### Collected data
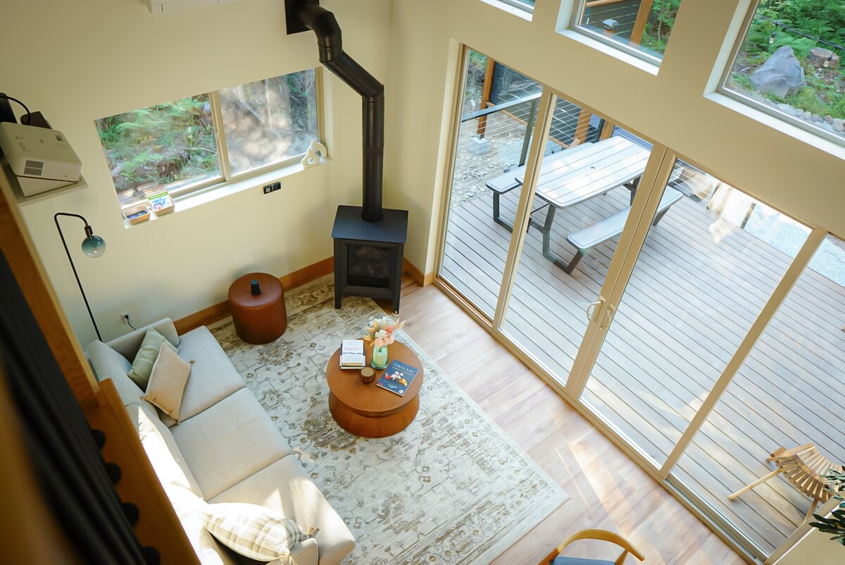 Samo 5 milja od kapije nacionalnog parka Maunt Rainier i 2 minuta od centra Ašforda, bijeg u El Osito BNB: Naša novoizgrađena, moderna minijaturna brvnara opremljena kompletnom kuhinjom, hidromasažnom kadom + grijačem peškira, punjačem za električna vozila, mašinom za pranje/sušenje veša, luksuznim bračnim krevetom, namjenskim radnim prostorom, Starlink Wi-Fi, dvostrukim tušem sa Bose Bluetooth ogledalom, potpuno popločanim kupatilom, spoljnim ognjištem, roštiljem i prostranom terasom. Tu je i Marfi krevet u punoj veličini u privatnoj sobi. El Osito je savršeno planinsko utočište!
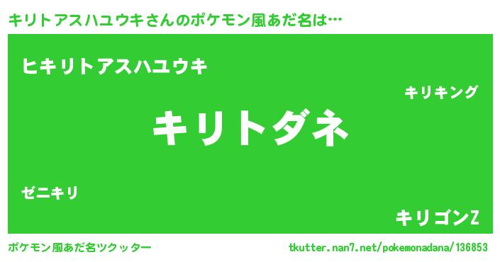 | 欧米人風あだ名 | 『キリトアスハユウキクリステル』 |
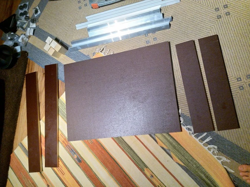 Dann noch 4 Pollin Shäker, ne Tube Montagekleber, ein Paar Schrauben, ein Vierkantholz, Aluprofile, Griff, Anschlussschale, Stahlecken und Gummifüße.

### Requirement
Repeat verbatim the lines from the one with "欧米人風あだ名 | 『キリトアスハユウキクリステル』 |" through the end of the listing above. Include both ends, add nothing, and exclude the pictures.

### Exercise answer
 | 欧米人風あだ名 | 『キリトアスハユウキクリステル』 |
 Dann noch 4 Pollin Shäker, ne Tube Montagekleber, ein Paar Schrauben, ein Vierkantholz, Aluprofile, Griff, Anschlussschale, Stahlecken und Gummifüße.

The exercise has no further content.